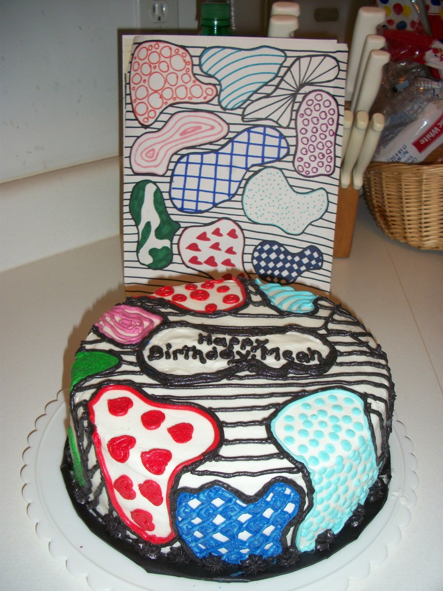 This cake was made to match the artwork that the birthday girl made. All buttercream.
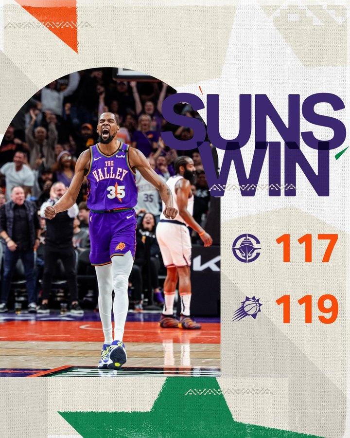 賽后,太陽官方曬出贏球海報,為球隊獲勝立下大功的杜蘭特登上封面,哈登成為背景。
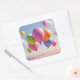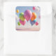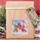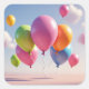 Um monte de balões coloridos flutuando até um céu azul cobre este adesivo de festa.
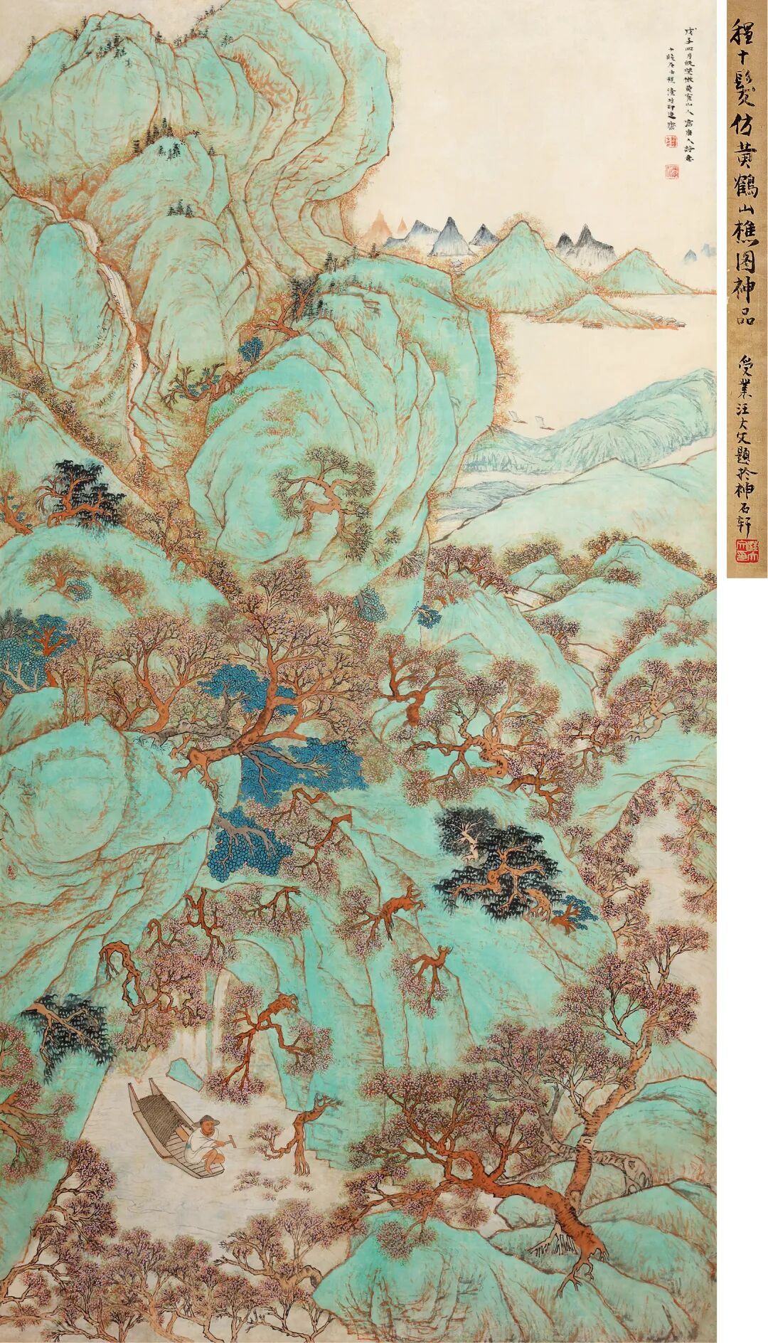 题签:王玄照仿赵千里青绿写东坡诗意图真迹。仲麟兄珍藏,丁亥八月,吴湖帆题。

**YOUR GOAL:**
Give back the whole listing exactly as it stands. Drop every picture.

**EXERCISE OUTPUT:**
 This cake was made to match the artwork that the birthday girl made. All buttercream.
 賽后,太陽官方曬出贏球海報,為球隊獲勝立下大功的杜蘭特登上封面,哈登成為背景。
 Um monte de balões coloridos flutuando até um céu azul cobre este adesivo de festa.
 题签:王玄照仿赵千里青绿写东坡诗意图真迹。仲麟兄珍藏,丁亥八月,吴湖帆题。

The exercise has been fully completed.